Goal of the exercise: Copy the entries exactly. Leave out any pictures.

Records to process:
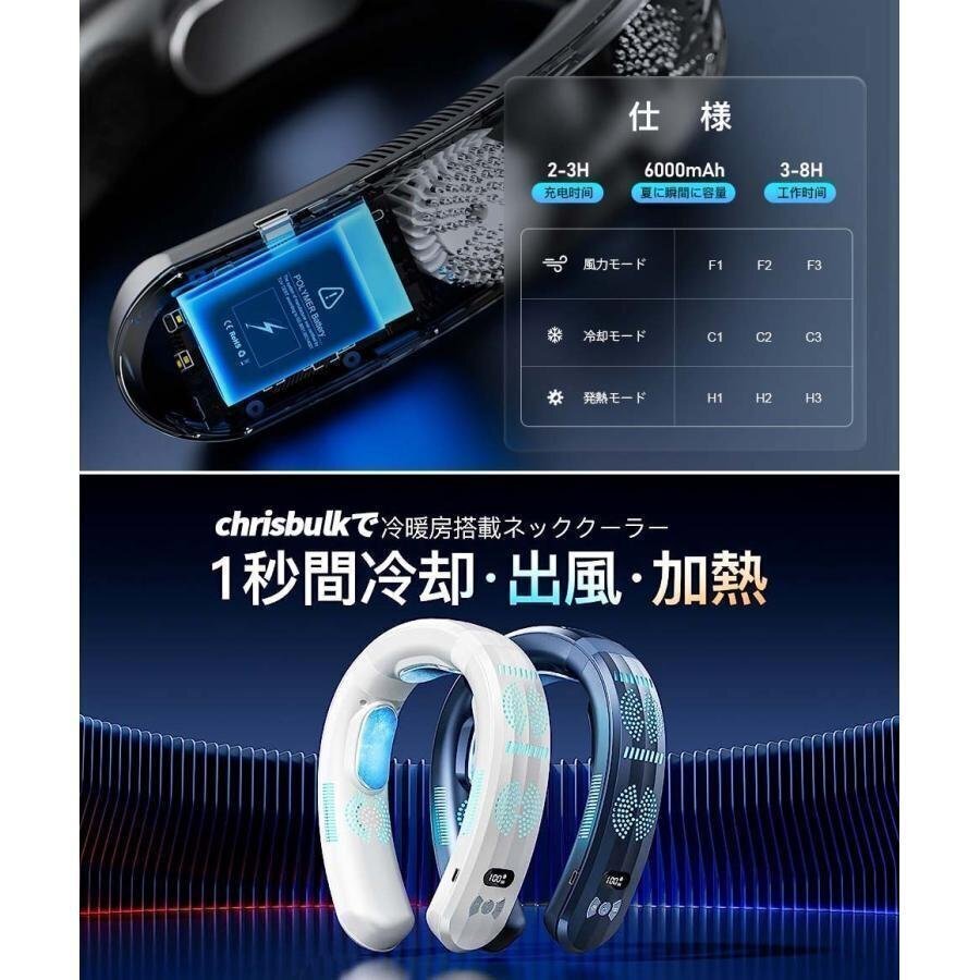 新品 ネッククーラー 首掛け扇風機 3つ冷却プレート 羽なし 半導体冷却 6000mAh大容量 dcモーター 羽なし 冷房/暖房 静音 暑さ対策
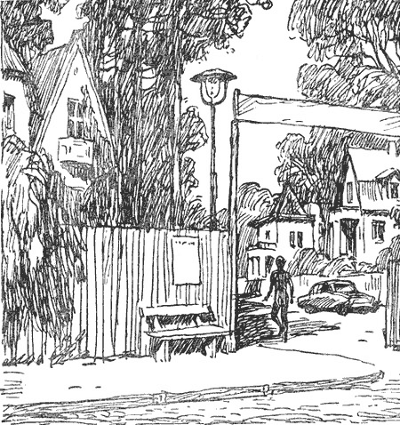 Вот показались свежевыкрашенные зеленые ворота и знакомая скамейка возле доски объявлений. Андре замедлил шаги. Хорошо было усесться здесь и глядеть на улицу, на проезжающие мимо машины и трамваи… В прошлом году они с Мариной не раз сидели вдвоем на этой скамейке.
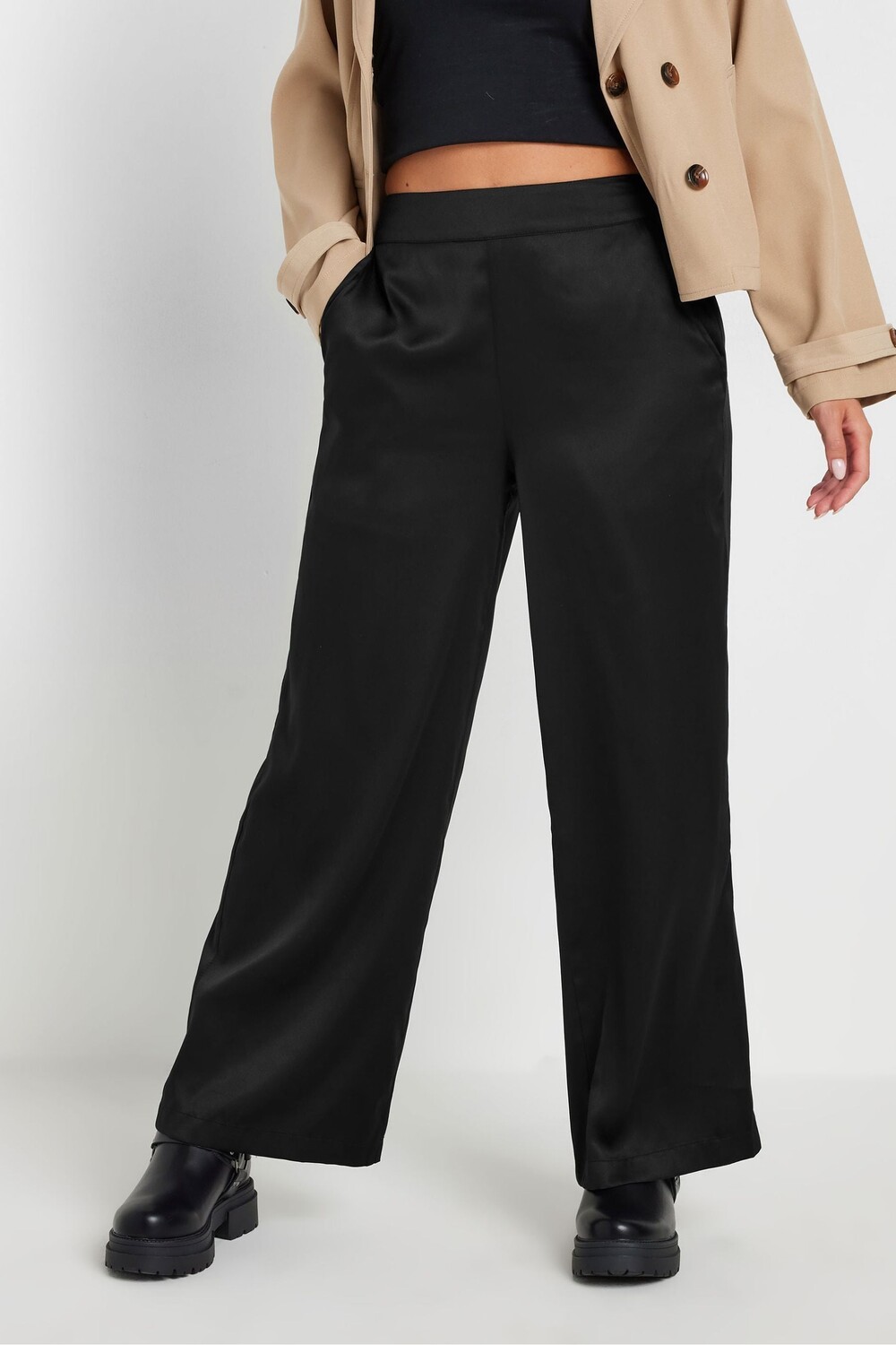 Широкие атласные коричневые брюки Pixiegirl Petite, черный
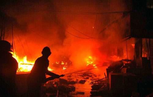 當?shù)鼐奖硎,一枚炸彈被藏在“月亮”市場一個貨攤內(nèi),另一枚炸彈被放置在摩托車上,恐怖分子很可能是用遙控裝置將其引爆。
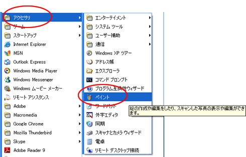 「スタート」ボタンから→「すべてのプログラム」をポイント、そのまま「アクセサリ」をポイントして出てきたサブメニューの中から「ペイント」をクリックします。
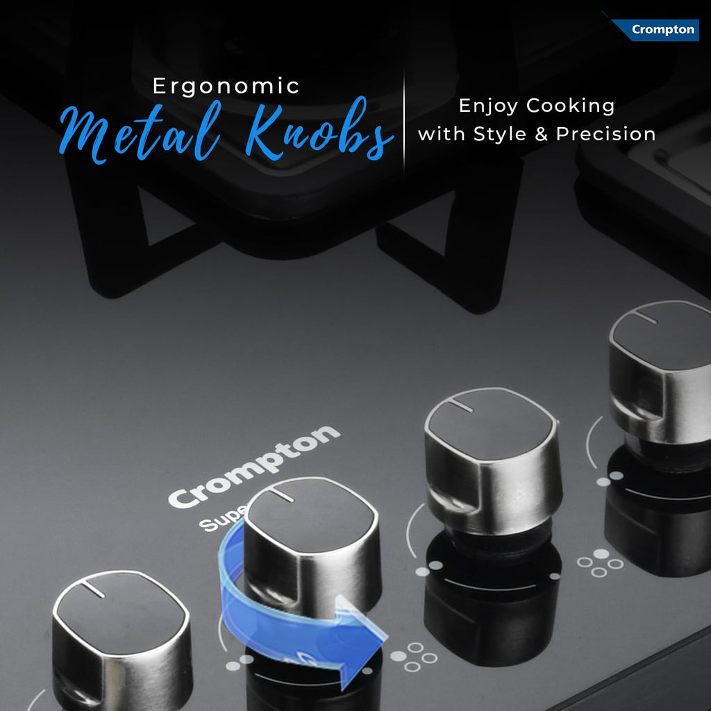 The Crompton SuperSlim Matt 78 cm Hob combines stylish design, exceptional flame control, long-lasting brass burners, and hassle-free installation — a perfect upgrade for premium kitchen spaces.
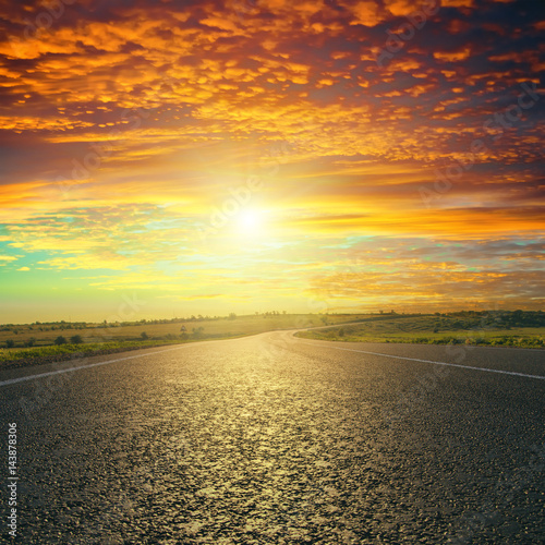 © Mykola Mazuryk, Naklejka premium red sunset over asphalt road
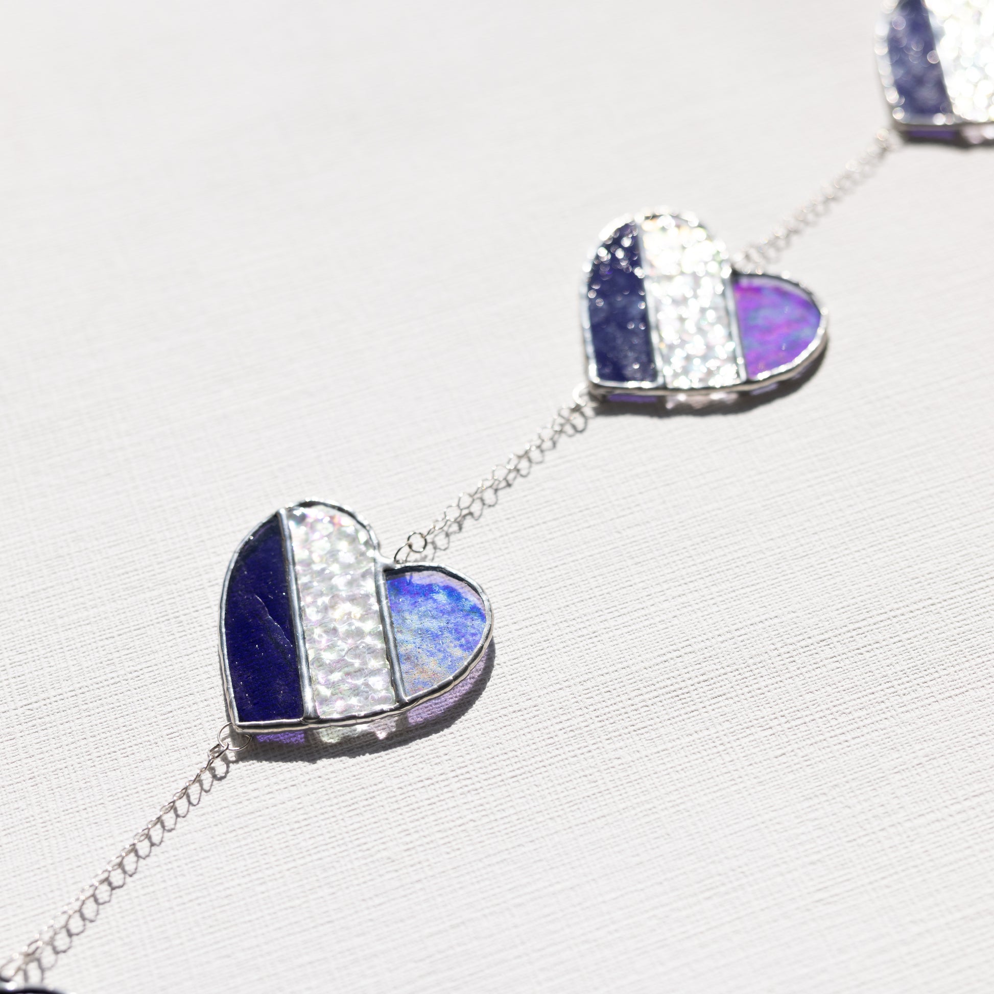Suspension vitrail cœurs en verre artisanal, réalisée à la main en Bretagne avec la technique Tiffany. Les 5 cœurs captent la lumière pour créer de reflets doux et magiques.
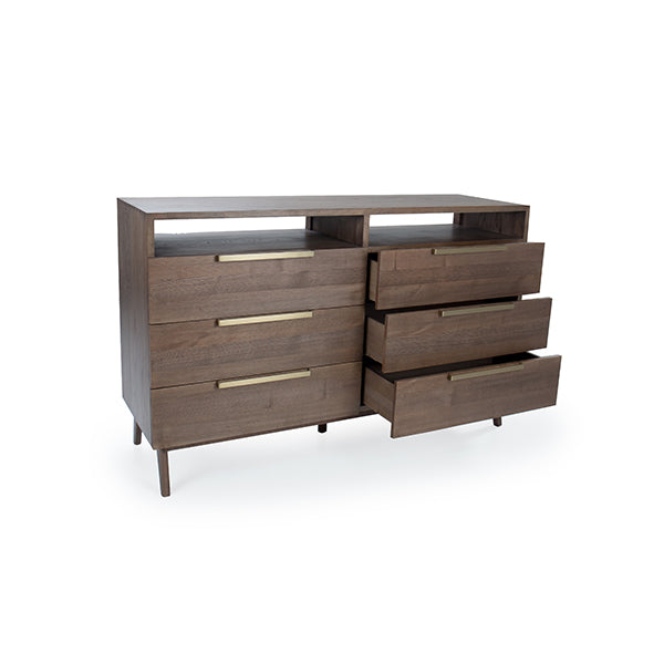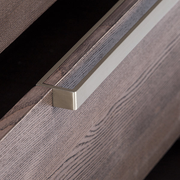 Inspired by bold architectural lines, the Napa collection exemplifies refined simplicity. It harmoniously joins wood and metal to bring out the beauty of material and craftsmanship. Custom made, intricately inlaid custom brass pulls round out the design.
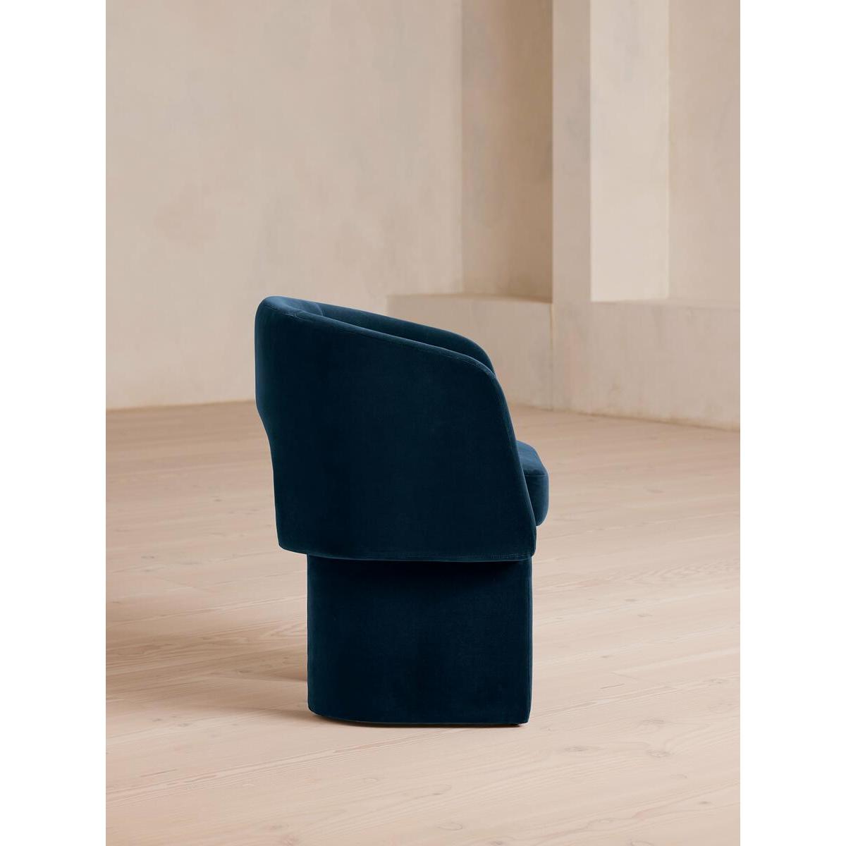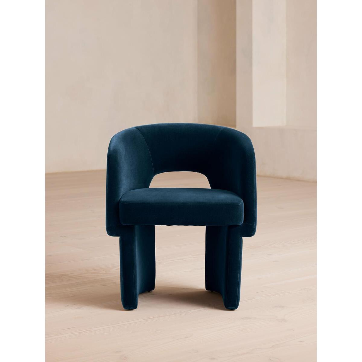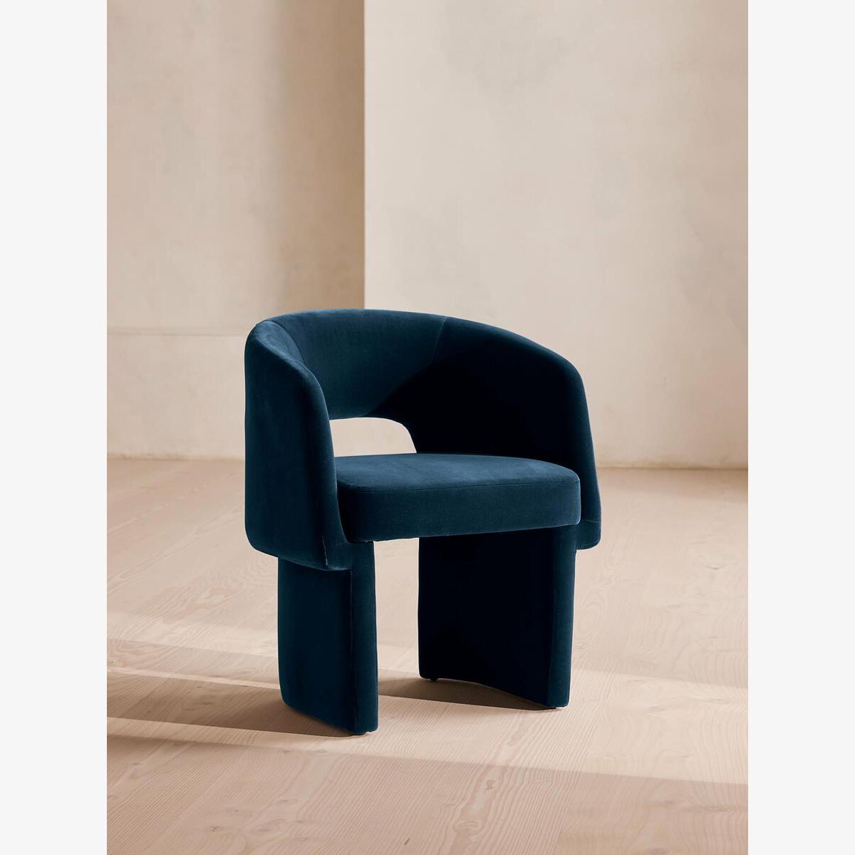 The Morrell dining chair in velvet is a striking piece that immediately elevates any interior. I love its bold royal blue hue, which works beautifully in both contemporary and more traditional spaces, adding a pop of colour without feeling overwhelming. Its rounded silhouette and plush velvet finish make it a comfortable yet stylish addition to dining rooms or as an accent piece in living areas. To style effectively, consider pairing it with neutral-toned tables and accessories to let the chair stand out - but it also works well paired with metallic accents or patterned textiles for a more eclectic look. It's practical too; the velvet finish makes it inviting, though I’d recommend using a fabric protector to keep it looking pristine over time.

Output for this exercise:
 新品 ネッククーラー 首掛け扇風機 3つ冷却プレート 羽なし 半導体冷却 6000mAh大容量 dcモーター 羽なし 冷房/暖房 静音 暑さ対策
 Вот показались свежевыкрашенные зеленые ворота и знакомая скамейка возле доски объявлений. Андре замедлил шаги. Хорошо было усесться здесь и глядеть на улицу, на проезжающие мимо машины и трамваи… В прошлом году они с Мариной не раз сидели вдвоем на этой скамейке.
 Широкие атласные коричневые брюки Pixiegirl Petite, черный
 當?shù)鼐奖硎,一枚炸彈被藏在“月亮”市場一個貨攤內(nèi),另一枚炸彈被放置在摩托車上,恐怖分子很可能是用遙控裝置將其引爆。
 「スタート」ボタンから→「すべてのプログラム」をポイント、そのまま「アクセサリ」をポイントして出てきたサブメニューの中から「ペイント」をクリックします。
 The Crompton SuperSlim Matt 78 cm Hob combines stylish design, exceptional flame control, long-lasting brass burners, and hassle-free installation — a perfect upgrade for premium kitchen spaces.
 © Mykola Mazuryk, Naklejka premium red sunset over asphalt road
Suspension vitrail cœurs en verre artisanal, réalisée à la main en Bretagne avec la technique Tiffany. Les 5 cœurs captent la lumière pour créer de reflets doux et magiques.
 Inspired by bold architectural lines, the Napa collection exemplifies refined simplicity. It harmoniously joins wood and metal to bring out the beauty of material and craftsmanship. Custom made, intricately inlaid custom brass pulls round out the design.
 The Morrell dining chair in velvet is a striking piece that immediately elevates any interior. I love its bold royal blue hue, which works beautifully in both contemporary and more traditional spaces, adding a pop of colour without feeling overwhelming. Its rounded silhouette and plush velvet finish make it a comfortable yet stylish addition to dining rooms or as an accent piece in living areas. To style effectively, consider pairing it with neutral-toned tables and accessories to let the chair stand out - but it also works well paired with metallic accents or patterned textiles for a more eclectic look. It's practical too; the velvet finish makes it inviting, though I’d recommend using a fabric protector to keep it looking pristine over time.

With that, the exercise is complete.